Could Pesticides Increase Your Risk of Parkinson’s Disease?

Using pesticides doesn’t only have an impact on your environmental wellness; it might also threaten your mental wellbeing. This is according to a new study from researchers at UCLA, who have found that a common combination of farm chemicals used to protect potato, dry bean, and tomato crops from bugs, weeds, and other pests seems to have the unappetising side effect of triggering Parkinson’s disease.

 

The study, which was published this month in the American Journal of Epidemiology, gives support to previous theories that pesticide exposure can lead to the degenerative disorder, causing such debilitating symptoms as impaired motor skill, speech, and other functions.

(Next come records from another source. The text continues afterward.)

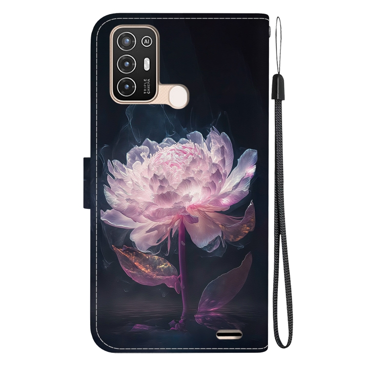 Funda de Cuero para ZTE Blade A52 con Dibujo Coloreado y Textura de Cristal (Peonía Púrpura)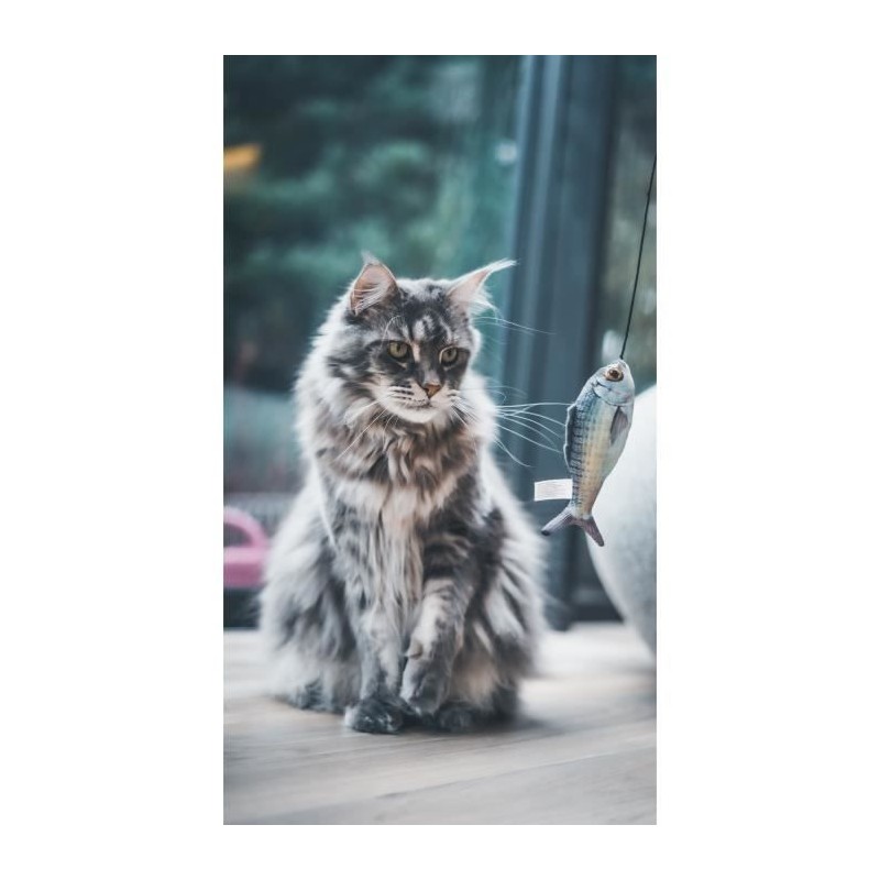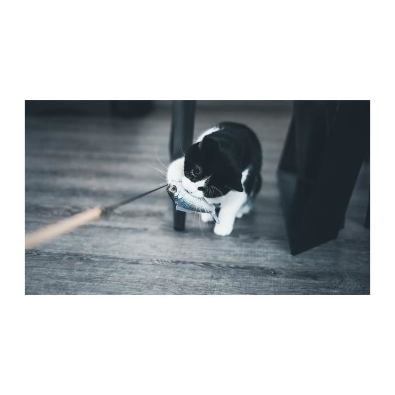 La canne a peche poisson AIMÉ est un jouet interactif pour chats. Composée d'un stick en bois et d'un poisson réaliste de 15 cm, elle integre du papier bruissant et de l'herbe a chat pour stimuler l'instinct de chasse. a faire glisser au sol ou suspendre, elle garantit des heures de jeu.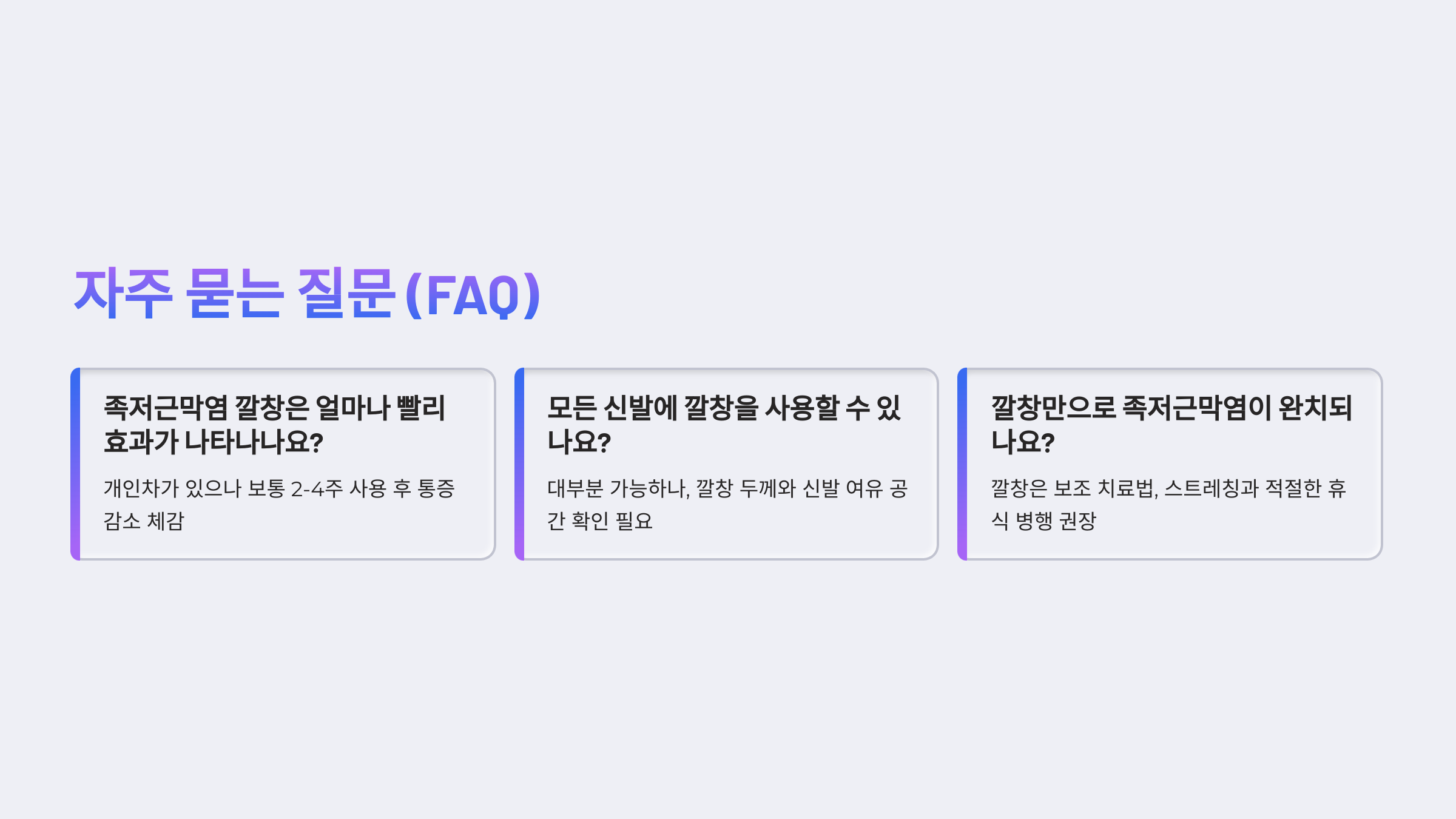 Q1. 족저근막염 깔창은 얼마나 오래 착용해야 효과를 볼 수 있나요?

According lead study author Sadie Costello, former doctoral student at UCLA who is now at the University of California, Berkeley, ‘We were able to show in humans what animal data had previously suggested. Animal experiments are done in highly controlled environments in which exposure can be measured . . . the chance of actually seeing an effect in humans is not very high unless there is, in fact, quite a large effect.’

 

Suspicion was first raised that pesticides can trigger Parkinson’s disease when high rates of the disorder were reported in farmers and rural populations. Therefore, the researchers embarked on a study of 368 long-time residents of California’s Central Valley who had been diagnosed with Parkinson’s, as well as another 341 residents as a control group. Some of the participants enrolled on the study inhabited areas within 500 metres of fields that had sprayed with the fungicide maneb and the herbicide paraquat between 1974 and 1999, and it was this subgroup that had a 75% higher risk of developing Parkinson’s than those who lived further away.

 

Moreover, if the subjects had been diagnosed with the disease before they were 60 years old, this earlier exposure increased their risk for the disease as much as four- to six-fold, and even exposure to just one type of pesticide increased their risk more than two-fold. Study senior author Beate Ritz, professor of epidemiology at the UCLA School of Public Health, commented, ‘The results confirmed two previous observations from animal studies. One, that exposure to multiple chemicals may increase the effect of each chemical. That’s important, since humans are often exposed to more than one pesticide in the environment. And second, that the timing of exposure is also important.’

 

Even if you don’t live near a farm, the results of the study still affect you. In America, the Centres for Disease Control have found that some pesticide chemicals are present in the blood or urine of nearly every citizen. You’re at risk of exposure from the air you breathe, the water you drink and the food you eat and – worst of all – the wellness experts don’t even know which chemicals are the most threatening. Warren Porter, PhD, professor and former chair of zoology, and professor of environmental toxicology at the University of Wisconsin-Madison, explains, ‘We really don’t know what the “worst” [pesticides] are because the criteria for evaluating them have been so weak, and the government has largely looked the other way until very recently.’

 

So what can you do to rid your home of toxic chemicals? Vote with your bank balance! Porter suggests, ‘Ordinary people can have an immense impact by changing their buying patterns. Buy organic, buy a good water filter, ask restaurants to offer organic items on the menu, get your hospital to go green, and patronise golf courses that have organic practices. Economics is immensely powerful and a change of only 0.5% market share has profound effects on a corporation.’